Une exposition chorégraphiée

Si la scénographie des expositions d’art contemporain est de plus en plus une préoccupation de commissaires désireux de faire œuvre il est rare qu’une exposition soit totalement chorégraphiée. Dans le cadre du nouveau Festival du Centre Georges Pompidou Christian Rizzo, avec la complicité de Bernard Blistène et Jean-Marie Gallais, nous fait la preuve magistrale de cette opportunité dans l’impressionnante salle d’armes de la Conciergerie devenant la scène de cette pièce : « le sort probable de l’homme qui avait avalé le fantôme. »

Ce titre à rallonge situe bien cette proposition à côté des autres pièces dansées du chorégraphe plasticien, que l’on se remémore « et pourquoi pas « bodymakers, « falbalas », « bazaar etc, etc … ? » de 2001 ou « Autant vouloir le bleu du ciel et m’en aller sur un âne » de 2004. Par ailleurs le praticable noir qui partage dans toute sa longueur l’impressionnante salle médiévale apparaît comme le négatif de l’immense plateau blanc troué de fosses d’où sortaient les corps des danseurs de sa production de 2007 « Soit le puits était profond, soit ils tombaient très lentement car ils eurent le temps de regarder tout autour ».

L’impression de profondeur est ici donnée par l’aspect miroitant de la surface sombre qui reflète toute l’architecture et met en abyme les différents protagonistes sculptés.

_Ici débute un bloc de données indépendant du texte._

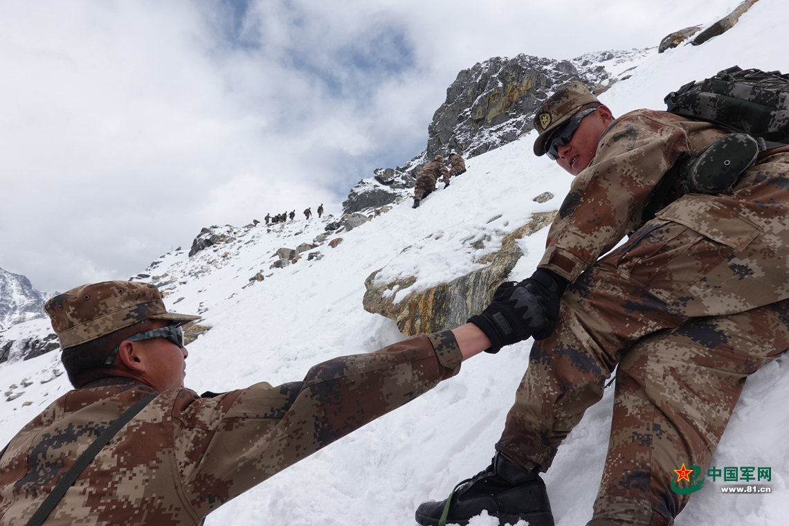 徒步硬闖封山期里的卓拉哨所,步步驚心。下士蔣態(tài)飛體能較好,每遇艱險路段都要回頭幫助戰(zhàn)友。中國軍網(wǎng)記者柳軍 攝
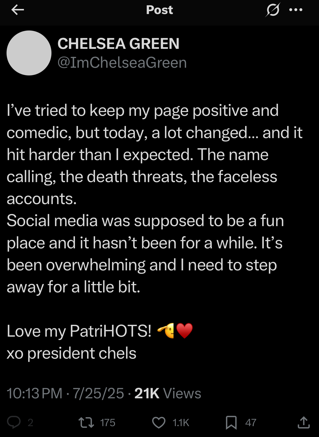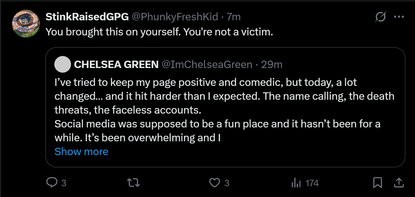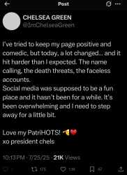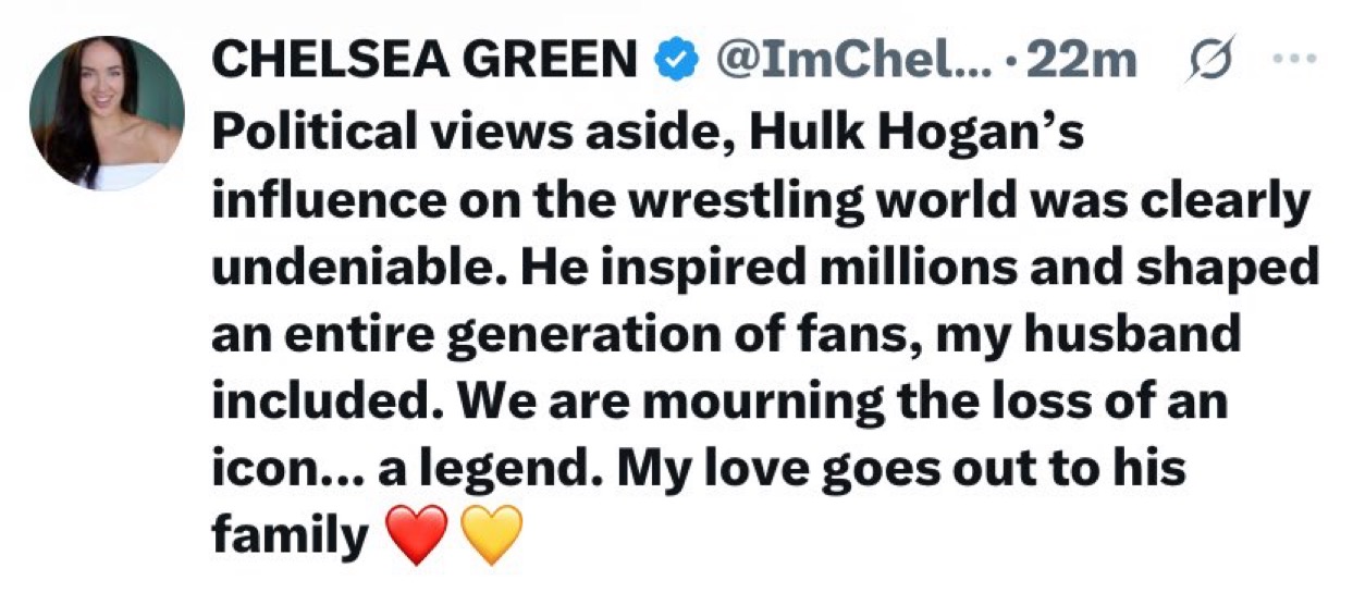 Retards on both ends of the political spectrum have driven the fun loving, happy go lucky Chelsea Green off of Twitter with their deranged and unhinged responses to her innocuous statements regarding the late Hulk Hogan.
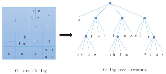 The coding unit (CU) is a square area that is used to represent the leaf nodes of the CTU. It shares the same prediction mode: Intra, inter, and skip. The quad-tree partition structure of the CU allows the parent node to be recursively split into four child nodes of the same size. The size of each CU is from the CTU to 8 × 8 adaptive selection. In the CTU, the split flag (split_cu_flag) is used to indicate whether the current CU block will continue to split into four sub-CUs. When the flag is one yes, the CU splits; for each generated CU block, another flag is transmitted and indicates whether the current block represents one CU or will be further divided into four CU blocks. When the size of the CU block is 8 × 8, no split flag is transmitted during the encoding process. Therefore, the computational complexity of the CU partitioning process is very high. In general, a low complexity encoder will try to choose a larger CU size instead of a small CU size.
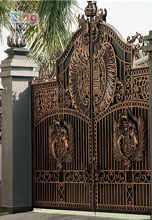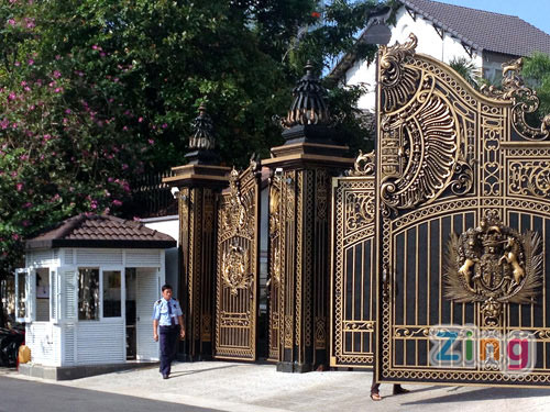 Bởi biệt thự có tới 3 mặt tiền nên phía cổng sau cũng được trang trí khá cầu kỳ. So với mặt tiền, khu vực hậu viên chỉ thiếu một chòi canh gác mà thôi.
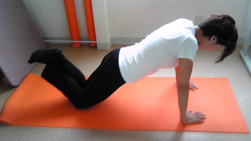 今日はカンタンに申し上げると「バストの垂れ防止」→「腕立て伏せ@女性用」を紹介しましょう。年齢を重ねるごとに?いやいや、出産して断乳するごとに?何だか下に引っ張られていく気がしますよね。そんな状態になるのがイヤで第1子の妊娠中にはじめたのがこの腕立て伏せです。膝を床について、下肢を曲げることで腕にかかる体重も軽減されるのでもともと力の弱い女性向けにはいいかなと思います。そして、トライアスロンをする方にとっても、スイムの時に胸・上腕・背中などの筋肉は少し役に立ちます。
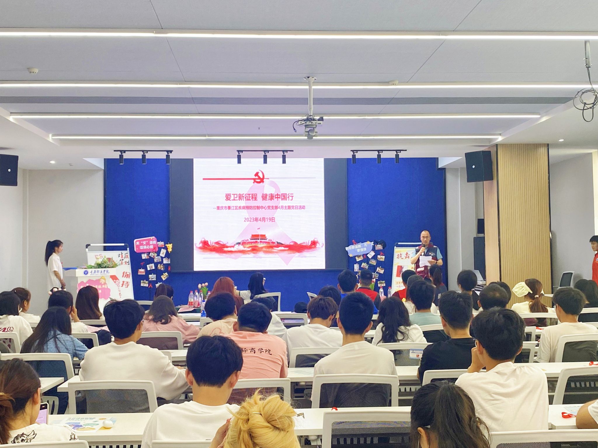 为了进一步做好校园预防艾滋病知识普及宣讲,让更多大学生主动关注艾滋病防治的相关知识,构建“预艾知艾检艾防艾”的防治体系。4月19日14:00,大数据与计算机科学学院携手重庆市綦江区疾病预防控制中心在綦河书院观涛多功能报告厅共同开展“红丝予爱 青春无艾”携手预防性病艾滋病主题宣教暨“花果4+N”志愿服务培训。

Les lumières sont assurées par plusieurs globes incandescents de grand diamètre qui jalonnent le parcours du spectateur dont les déplacements déterminent la durée du spectacle de l’exposition.
Quant au genre spécifique deux moniteurs en donnent les limites esthétiques se plaçant sous l’autorité d’un Merce Cunningham, sa radicalité s’exerçant ici dans l’occupation plastique de l’espace par des corps prothèses au design partagé avec la styliste japonaise de « comme des garçons » et de l’autre côté du praticable sous le parrainage d’Hussein Chalayan pour la provocation mode scénographiée en défilé, corps en apesanteur et robes machines.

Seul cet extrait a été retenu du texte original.